私は専門家でないのでわかりませんが、体のどこにさしても何らかの影響がありえる以上、得られた結果が期待された鍼治療の結果なのかそうでないのか見分けるのは難しそうですね。

しかし、プラセボの効果もとても大きいということがわかってきたようです。
www.emedexpert.com/blog/general/the-power-of-placebo/
上の記事によりますと「偽薬は真の痛み止めになる」「治療的儀式による影響」「偽手術は本当の手術並の効果が見られる」等、偽薬・偽施術の効果は従来考えられていたよりも、もっと大きいようです。とても面白い記事なのでもしご興味がおありでしたら読んでみてください。

プラセボの効果がここまで大きいのであれば、治療に実際に効果があるかということももちろん大事ですが、治療を信じることが何よりも大事なことだと思います。
Posted by 類猿人 at 2011年04月04日 05:46
類人猿さん、コメントありがとうございます。

確かに、プラセボ効果自体、大変高いものだと思います。プラセボといいながら、実は、「自然治癒力の発動」をしているのではないかと思われます。

私たちの行っている中医学は、この自然治癒力を高めることに主眼を置いた治療体系です。
そして、キーワードは「気」。エネルギーである気を増やすこと、そして、そのエネルギーを流すことがとても重要です。

そしてその生成や動きに最も大きく作用するのが「意念」。気持ちとか、意識とかイメージが近い言葉かもしれません。

治ろうとする意念が、大きくなると、身体の気の生成、動きに影響を及ぼして身体の治癒力が高まります。

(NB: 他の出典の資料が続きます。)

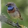 蓝点颏亦称“蓝喉歌鸲”,通称蓝靛颏儿。身体大小和麻雀相似,体长12-13厘米,体重17-18克。头部、上体主要为土褐色。眉纹白色。尾羽黑褐色,基部栗红色。颏部、喉部辉蓝色,下面有黑色横纹。下体白色。…全部>>
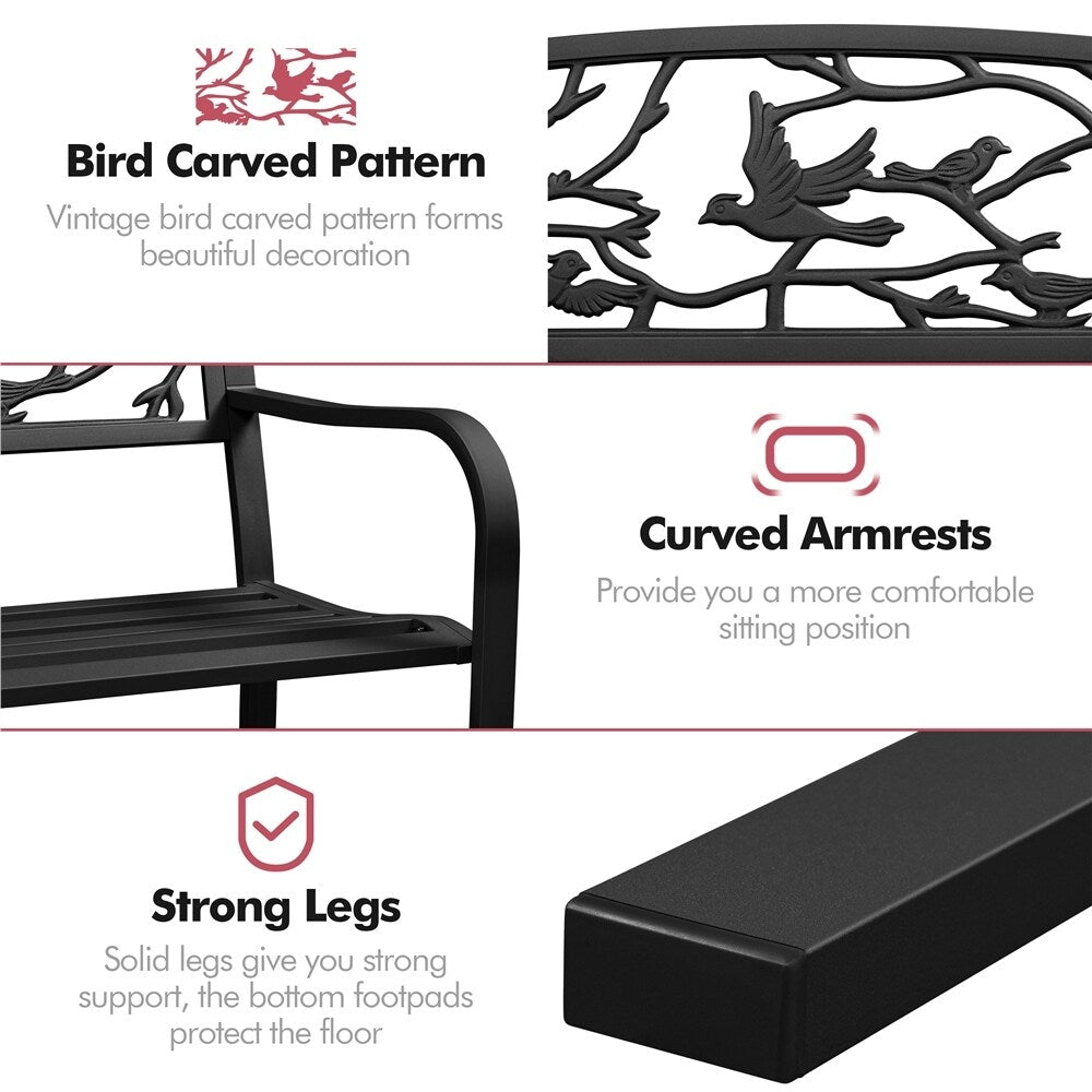 Apportez une touche de nature à votre espace extérieur avec notre banc de jardin Yaheetech de 15 m. Le motif d'oiseaux vintage du dossier embellit et favorise la circulation de l'air, tandis que l'assise légèrement incurvée, large et profonde, offre un confort optimal. Fabriqué en fer robuste avec un revêtement imperméable, ce banc est robuste et durable pour une utilisation prolongée. Avec une charge maximale de 180 kg (397 lb), il convient aux parcs, jardins, mariages, etc. Les accoudoirs sont incurvés pour plus de confort, et l'assise est soigneusement conçue avec des rayures verticales pour une meilleure circulation et une meilleure répartition du poids. Sa finition résistante aux intempéries garantit une durabilité optimale par tous les temps, et son montage est facile grâce aux outils et aux instructions fournis.
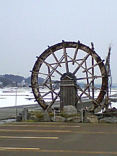 田んぼの真ん中の大きな水車が目印です。
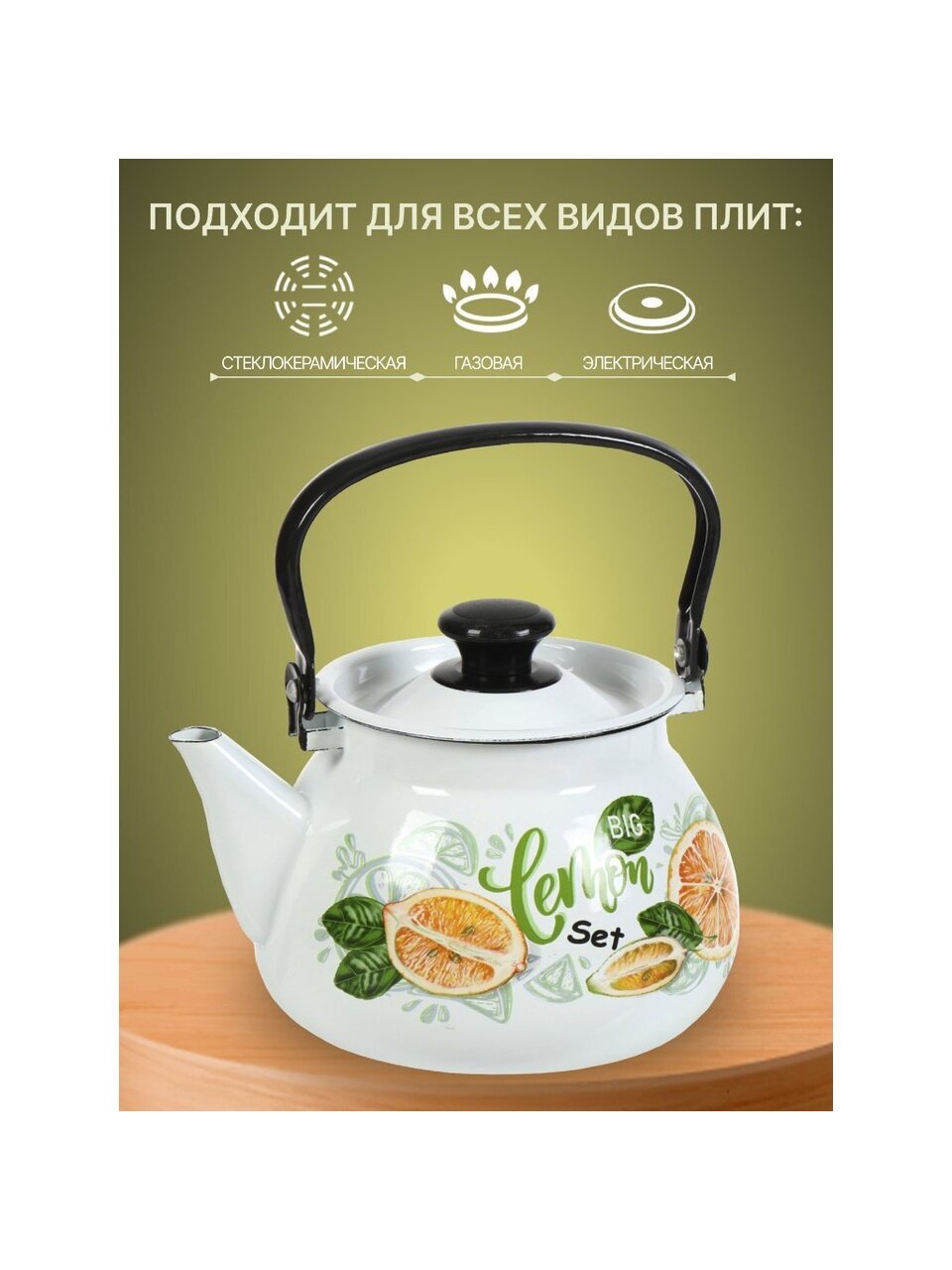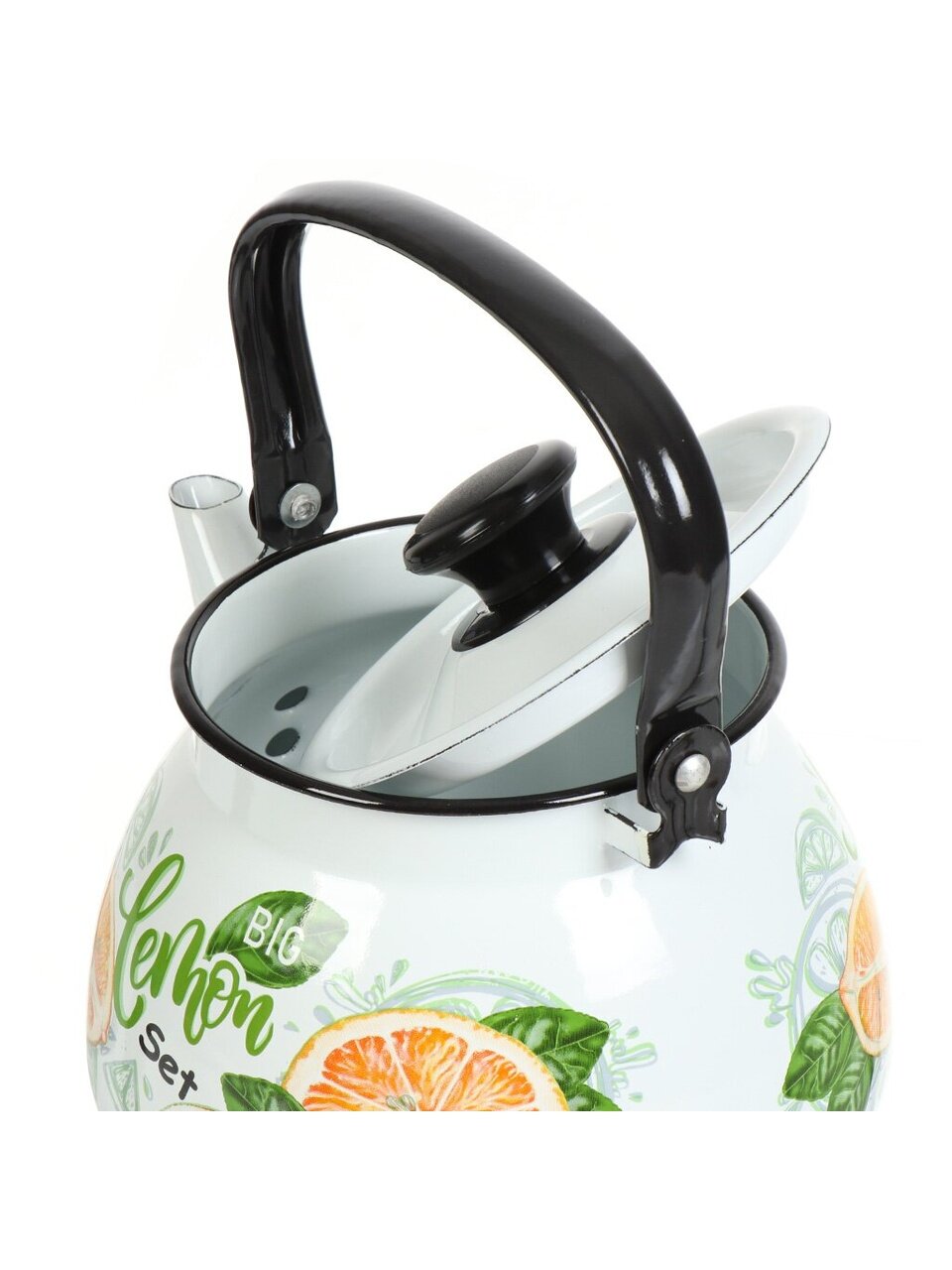 Чайник со свистком Керченский металлургический завод Лимонный сет - традиционный элемент кухни. Оформлен ярким рисунком, подходит для стеклокерамических, газовых и электрических плит.

また、治療者は、患者さん側の意念を通さず、直接、気の流れを調節もします。軽く皮膚に触っただけでも、変化する場合もあるし、場合によっては、触ることなく気の流れが変化することもあります。

二重目隠し試験として行われている、ツボ以外の鍼刺激や、刺したふりの偽鍼さえも、実際に効果を及ぼしている可能性があるように思います。

いずれにしても、患者さんの苦痛を如何に取るかが重要で、そのために何千年も、実践研究がなされてきたものが鍼治療だと思います。いかにプラセーボ効果を出させるかという技術も含んでのことかもしれません。